§ **Data below**:
* * * *
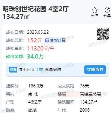明珠创世纪花园一套134.27㎡房源,成交总价152万,成交单价仅11320元/㎡。
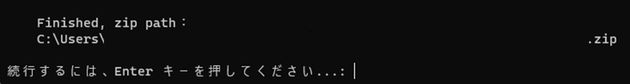 ログの収集が完了すると、下図の画面が表示されます。Enterキーを押すとウィンドウが閉じます
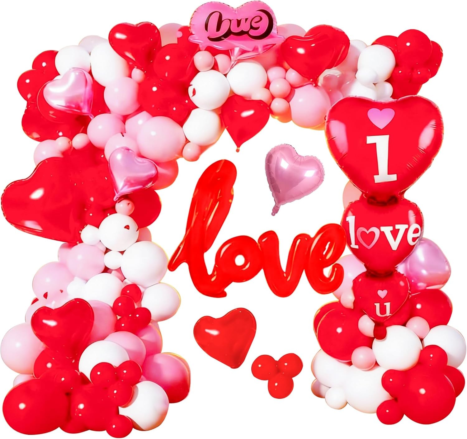 KUKUTrue® Valentines Day Balloon Arch, Valentine Balloon Arch Kit, Heart & LOVE Balloon, I Love You Balloons, Valentines Decorations, Romantic Room Decorations for Anniversary, Proposal, Party
* * * *
§ **Assigned task**:
Word for word, quote the lines above. Omit the pictures.

§ **The completed task**:
明珠创世纪花园一套134.27㎡房源,成交总价152万,成交单价仅11320元/㎡。
 ログの収集が完了すると、下図の画面が表示されます。Enterキーを押すとウィンドウが閉じます
 KUKUTrue® Valentines Day Balloon Arch, Valentine Balloon Arch Kit, Heart & LOVE Balloon, I Love You Balloons, Valentines Decorations, Romantic Room Decorations for Anniversary, Proposal, Party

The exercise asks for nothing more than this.